Given the following dataframe structure:
+----------+-----+-------+
| endPoint|count|outcome|
+----------+-----+-------+
| getBooks| 3|success|
| getBooks| 1|failure|
|getClasses| 0|success|
|getClasses| 4|failure|
+----------+-----+-------+
I'm trying to aggregate the data to get a failure rate. My resulting dataframe would look like this.
+----------+-----------+
| endPoint|failureRate|
+----------+-----------+
| getBooks| 0.25|
|getClasses| 1|
+----------+-----------+
I'm currently able to do this by creating a second dataframe which filters out the success rows, then join the two dataframes back together and create a new column that divides the sum of the failed count (for that endpoint) with the sum of the total count.
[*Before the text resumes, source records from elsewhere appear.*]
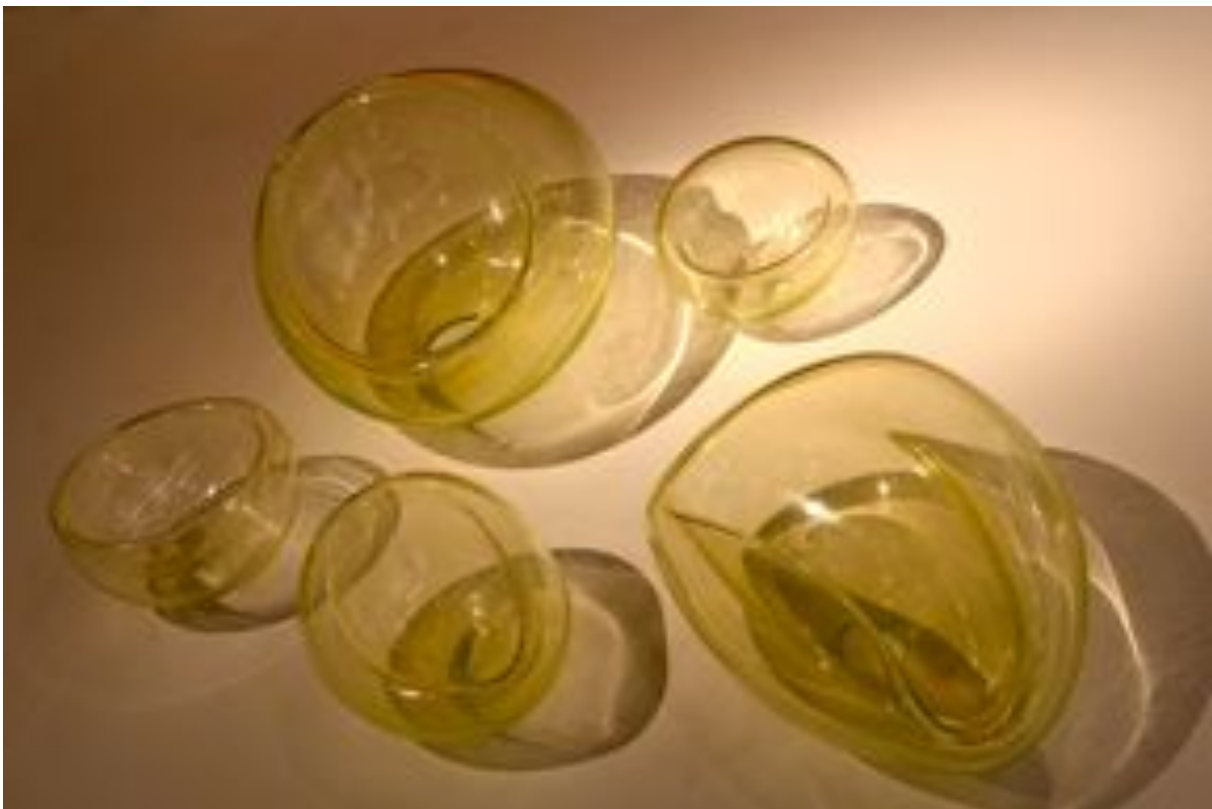
Vases , de Piotr Kowalski, 1989, verre soufflé. Pièces uniques réalisées au CIRVA © Alain Potignon (Galerie Downtown).

TEFAF, Maastricht du 15 au 24 mars 2013. www.tefaf.com
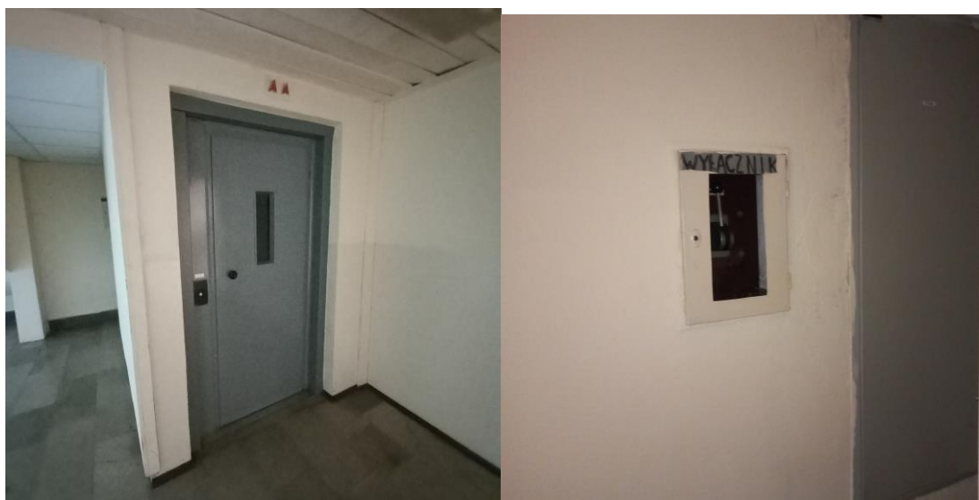
Zdj. 2 Drzwi windy na poziomie -1 oraz wyłącznik windy

Dźwig zamontowany jest w żelbetonowym, wewnętrznym szybie budynku w pobliżu klatki schodowej. Obsługuje 6 kondygnacje od poziomu -1 0 do piętra +4. Przystanki rozmieszczone są jednostronnie w kierunku korytarza (przystanki nieprzelotowe). Wysokość podnoszenia dźwigu wynosi 17,9 m, wysokość nadszybia 2,7 m , głębokość podszybia 1,72 m. Szyb windowy ma wymiary – wysokość ok. 15 m, głębokość 1,91 m, szerokość 1,715 m. Przystanki zlokalizowane są na każdej kondygnacji od -1 do 4 piętra (6 przystanki). Kasety przywoławcze umieszczone są w ścianie obok drzwi dźwigu.
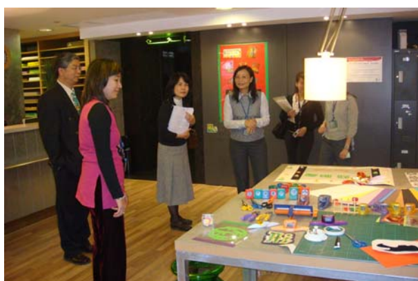
澳門教育資源中心為教師準備多元的教具。
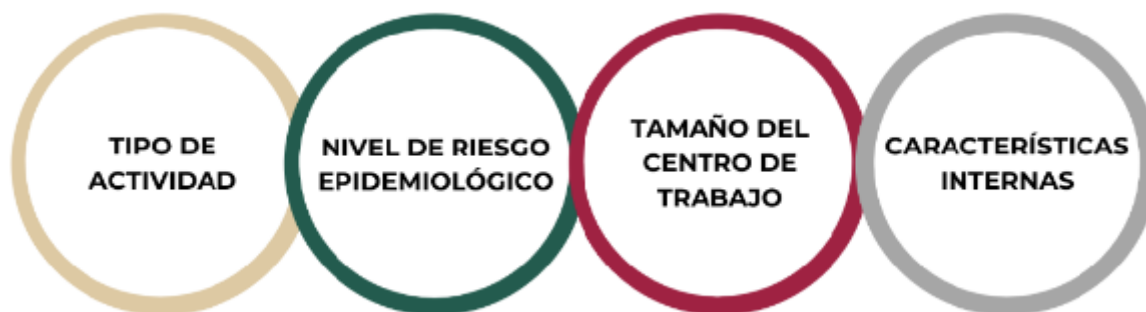
Diagrama 2. Dimensiones para la categorización del centro de trabajo

Los centros de trabajo deberán considerar cuatro dimensiones con el fin de identificar qué medidas deberán implementar para dar cumplimiento a los presentes lineamientos: el tipo de actividades que desarrolla, el nivel de riesgo epidemiológico en el municipio donde se ubica el centro de trabajo, su tamaño y sus características internas.
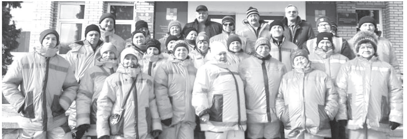
Вместе мы - сила!

- Ответственность, действительно, огромная. Поэтому мы создали в КБО водопроводный участок, где трудятся профессионалы своего дела, включая мастера участка Евгения Белоглазова, инженера по водо-
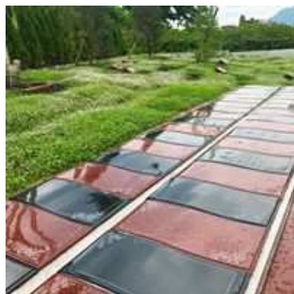
奥 ... エバーグリーン 1人用
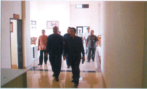
Peninjauan kantor oleh Anggota I BPK RI dalam rangka kunjungan kerja ke Kantor Perwakilan Provinsi Bali pada tanggal 8 Maret 2010

I'm trying to find a way to avoid creating a separate dataframe and then having to re-join them back together as it seems expensive and unnecessary. Is there a way to sum columns conditionally? I've been playing around with the syntax but am getting stuck.
If I could do something like this:
df.groupBy("endPoint").sum("count").when(outcome = "failure"))
that would be ideal but I'm having trouble with this and wonder if I'm missing something fundamental here.
You can use a when()
within the sum
aggregate.
data_sdf. \
groupBy('end_point'). \
agg(func.sum(func.when(func.col('outcome') == 'failure', func.col('count'))).alias('failure_count'),
func.sum(func.when(func.col('outcome') == 'success', func.col('count'))).alias('success_count')
). \
withColumn('failure_rate',
func.col('failure_count') / (func.col('failure_count') + func.col('success_count'))
). \
show()
# +----------+-------------+-------------+------------+
# | end_point|failure_count|success_count|failure_rate|
# +----------+-------------+-------------+------------+
# |getClasses| 4| 0| 1.0|
# | getBooks| 1| 3| 0.25|
# +----------+-------------+-------------+------------+